### Aim of the task
Taking only the lines of the data below from the line with "Винт DIN 7985" to the line with "biophysical chemistry: Optical", ends included, write them out exactly and without pictures.

START The input

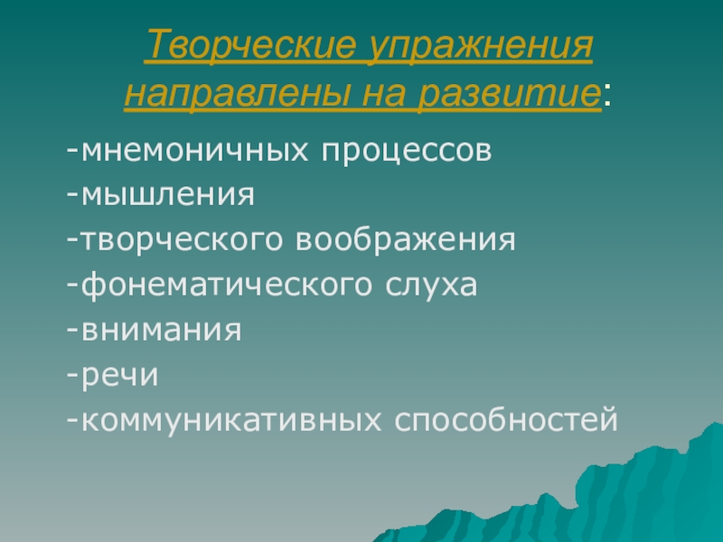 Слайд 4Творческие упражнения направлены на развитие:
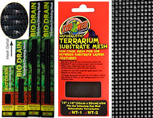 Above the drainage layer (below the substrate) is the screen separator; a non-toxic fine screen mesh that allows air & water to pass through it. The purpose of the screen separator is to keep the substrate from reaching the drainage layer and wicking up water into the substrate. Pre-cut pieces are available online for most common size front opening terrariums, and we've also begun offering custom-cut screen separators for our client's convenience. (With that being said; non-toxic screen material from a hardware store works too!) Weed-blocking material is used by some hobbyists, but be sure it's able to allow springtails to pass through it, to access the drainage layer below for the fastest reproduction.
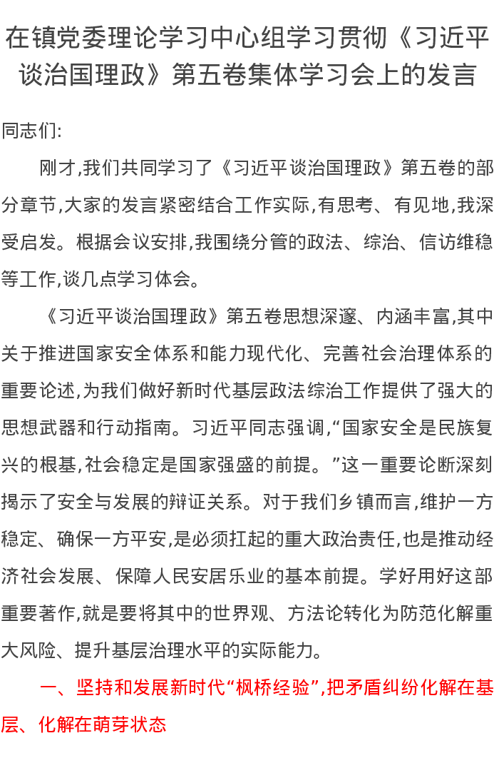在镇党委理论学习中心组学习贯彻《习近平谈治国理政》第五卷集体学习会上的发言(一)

END The input
START The input

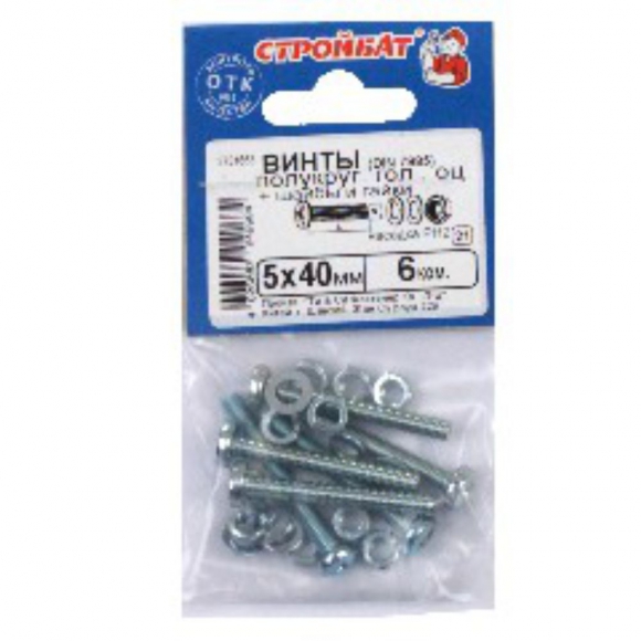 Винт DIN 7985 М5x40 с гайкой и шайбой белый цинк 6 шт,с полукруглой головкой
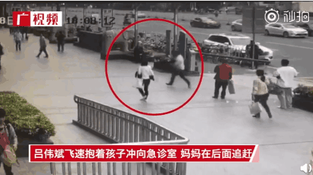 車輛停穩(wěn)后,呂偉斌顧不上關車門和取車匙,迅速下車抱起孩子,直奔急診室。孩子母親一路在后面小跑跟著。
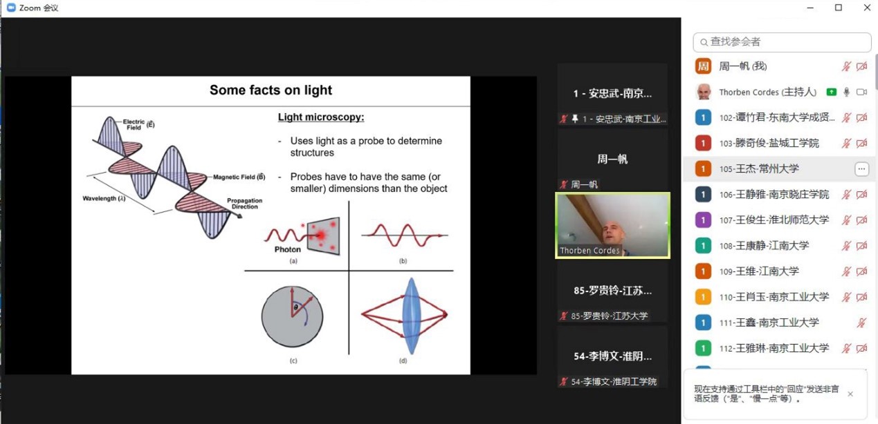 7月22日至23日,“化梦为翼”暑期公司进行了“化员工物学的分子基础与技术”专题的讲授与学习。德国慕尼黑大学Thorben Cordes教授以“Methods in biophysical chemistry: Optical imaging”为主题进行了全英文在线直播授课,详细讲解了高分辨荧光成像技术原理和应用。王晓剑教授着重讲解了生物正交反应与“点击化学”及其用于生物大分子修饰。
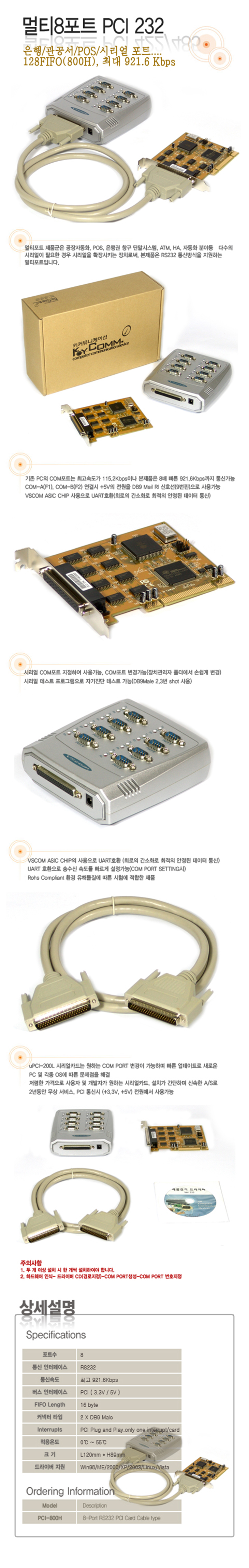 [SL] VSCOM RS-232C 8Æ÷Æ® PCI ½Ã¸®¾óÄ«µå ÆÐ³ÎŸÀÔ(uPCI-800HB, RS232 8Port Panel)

END The input
START The input

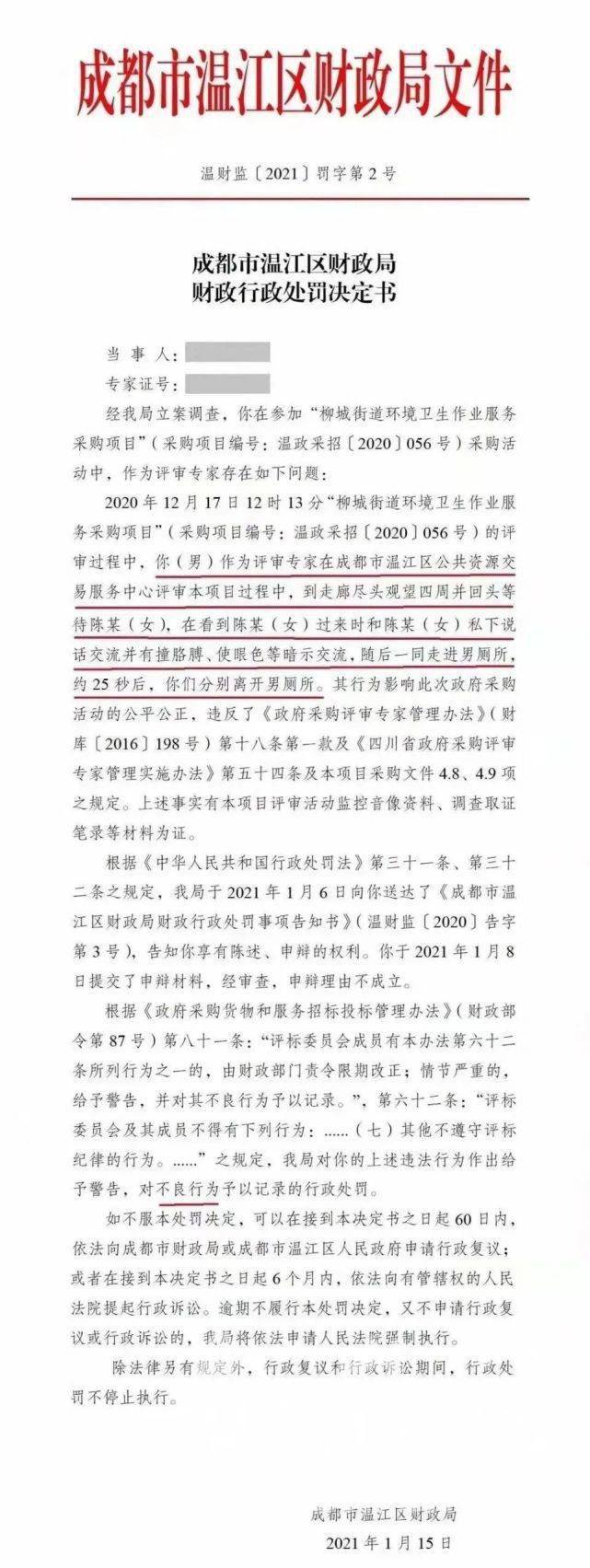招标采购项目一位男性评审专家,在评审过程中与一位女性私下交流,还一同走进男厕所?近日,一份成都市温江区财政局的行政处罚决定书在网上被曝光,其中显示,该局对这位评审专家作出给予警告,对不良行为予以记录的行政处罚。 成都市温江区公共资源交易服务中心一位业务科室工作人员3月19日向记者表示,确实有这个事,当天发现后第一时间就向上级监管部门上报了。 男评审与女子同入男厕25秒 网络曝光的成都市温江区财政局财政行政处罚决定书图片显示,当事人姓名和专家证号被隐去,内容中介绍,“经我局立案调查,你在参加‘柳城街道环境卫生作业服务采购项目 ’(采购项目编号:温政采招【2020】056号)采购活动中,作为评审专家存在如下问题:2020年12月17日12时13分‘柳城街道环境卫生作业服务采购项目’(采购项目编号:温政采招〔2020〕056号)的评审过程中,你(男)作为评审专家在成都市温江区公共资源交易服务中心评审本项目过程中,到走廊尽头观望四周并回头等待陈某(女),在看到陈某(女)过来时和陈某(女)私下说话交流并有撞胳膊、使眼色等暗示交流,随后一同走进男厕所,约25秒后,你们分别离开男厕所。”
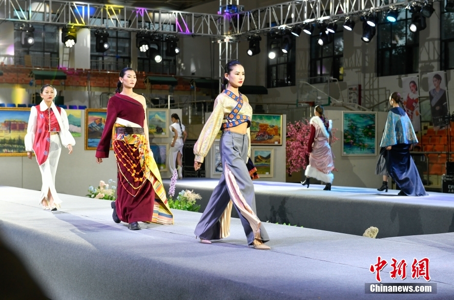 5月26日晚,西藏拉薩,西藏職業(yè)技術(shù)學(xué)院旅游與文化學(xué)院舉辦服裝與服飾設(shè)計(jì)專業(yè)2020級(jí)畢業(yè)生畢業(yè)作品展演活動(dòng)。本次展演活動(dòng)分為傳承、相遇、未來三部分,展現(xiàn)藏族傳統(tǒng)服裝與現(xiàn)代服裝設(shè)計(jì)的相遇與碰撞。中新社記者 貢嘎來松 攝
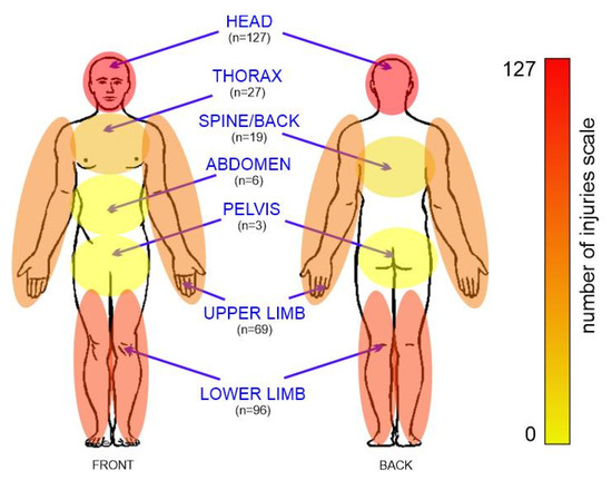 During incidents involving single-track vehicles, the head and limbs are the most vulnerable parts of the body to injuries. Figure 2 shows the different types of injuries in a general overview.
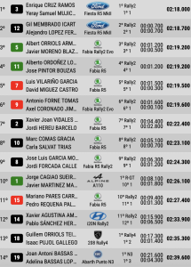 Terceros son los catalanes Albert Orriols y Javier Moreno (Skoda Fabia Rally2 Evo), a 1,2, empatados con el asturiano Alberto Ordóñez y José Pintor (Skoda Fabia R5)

END The input

### Answer to the problem
 Винт DIN 7985 М5x40 с гайкой и шайбой белый цинк 6 шт,с полукруглой головкой
 車輛停穩(wěn)后,呂偉斌顧不上關車門和取車匙,迅速下車抱起孩子,直奔急診室。孩子母親一路在后面小跑跟著。
 7月22日至23日,“化梦为翼”暑期公司进行了“化员工物学的分子基础与技术”专题的讲授与学习。德国慕尼黑大学Thorben Cordes教授以“Methods in biophysical chemistry: Optical imaging”为主题进行了全英文在线直播授课,详细讲解了高分辨荧光成像技术原理和应用。王晓剑教授着重讲解了生物正交反应与“点击化学”及其用于生物大分子修饰。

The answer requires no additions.